Analysis of the RNA structure is particularly relevant for ncRNAs as they are thought to exert their function by interacting with other molecules via their secondary structure. We then sought to determine whether an overall structural difference exists between protein coding RNAs and different classes of ncRNA transcripts. To avoid biases due to differential coverage, only transcript positions with sequencing depth greater than 50× were considered (Supplementary methods in Additional file 1). Analysis of normalized reactivity showed a significantly lower average reactivity of snoRNAs (average 0.282, P-value 1.1e-87, Wilcoxon rank sum test), snRNAs (average 0.295, P-value 2.1e-146, Wilcoxon rank sum test), tRNAs (average 0.251, P-value 2.5e-9, Wilcoxon rank sum test), and long intergenic non-coding RNA (lincRNAs; average 0.309, P-value 7.4e-48, Wilcoxon rank sum test) compared with mRNAs (average 0.366) (Figure 4e). Collectively, these data reveal a higher structuring of ncRNA transcripts compared with mRNAs.
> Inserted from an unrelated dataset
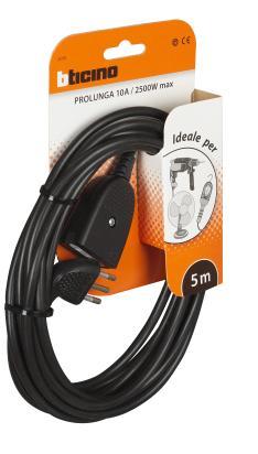 Domestic extension cord 2PT 3x0.75mmq length 5m with plug and socket 2PT 10A color black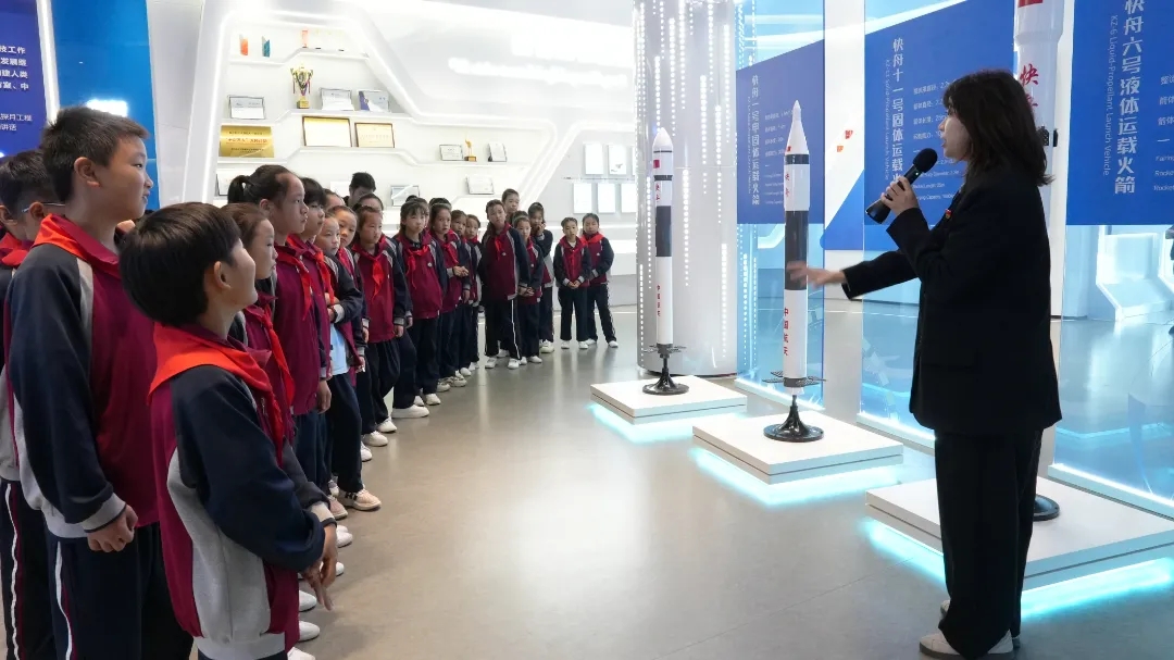 隨后,少先隊員們與快舟固體運載火箭親密接觸,現(xiàn)場參觀,并到火箭公司科普展廳開展見學(xué),豐富翔實的圖文資料、視頻動畫、快舟系列火箭模型等,展示了中國航天事業(yè)的輝煌成就、快舟火箭的發(fā)展歷程,以及人類對未來太空探索的夢想。少先隊員們駐足觀看,不時向身邊的講解員發(fā)問,對中國航天抱有極大興趣。

CIRS-seq identifies structural requirements of RNA binding proteins

RNA-protein interactions are strongly influenced by secondary structures. Determining the structural requirements for RBPs to bind to their cognate targets is required to understand their roles and mechanisms of action. To this end, we analyzed from a structural perspective the binding sites of the highly conserved RBP Lin28a. Lin28a is highly expressed in ESCs, and is one of the factors required for the reprogramming of human fibroblasts to induced pluripotent stem cells [60]. To investigate the structural requirements of Lin28a binding, we analyzed a previously published CLIP-seq dataset of Lin28a in ESCs [61]. We identified peaks of Lin28a enrichment across the mouse transcriptome, and calculated average reactivity on a window of 300 nucleotides surrounding summits of the peaks (Figure 5a). While more distal regions around the Lin28a peaks showed a level of reactivity comparable to that of the coding sequence (average 0.21), in agreement with a preferential positioning of Lin28a binding sites within this region, we observed a significant and progressive increase in the accessibility proceeding toward the peak summits (maximum 0.34, ±25 nucleotides average 0.27, P-value 6.2e-79, Wilcoxon rank sum test). Concordant with this observation, analysis of putative Lin28a binding sites revealed that the target A/G-rich motifs tends to assume a single-stranded conformation within the loop regions of hairpin-like structures (Figure 5b). This result is in agreement with previous in silico predictions based on the analysis of Watson-Crick pair co-occurrence around the Lin28a consensus [61].
Figure 5

CIRS-seq reveals structural preferences of RNA binding proteins. (a) Average reactivity across 300 nucleotides surrounding summits of Lin28a peaks. (b) Representation of sample secondary structures for Lin28a binding sites. Bases are color coded according to their reactivity. The purine-rich motifs are highlighted in green.

Discussion

In this work we have defined, for the first time, the complete RNA structurome of mouse ESCs. Our analysis revealed the structural features of mRNAs and ncRNAs, and identified the structural requirements for Lin28a RNA binding protein.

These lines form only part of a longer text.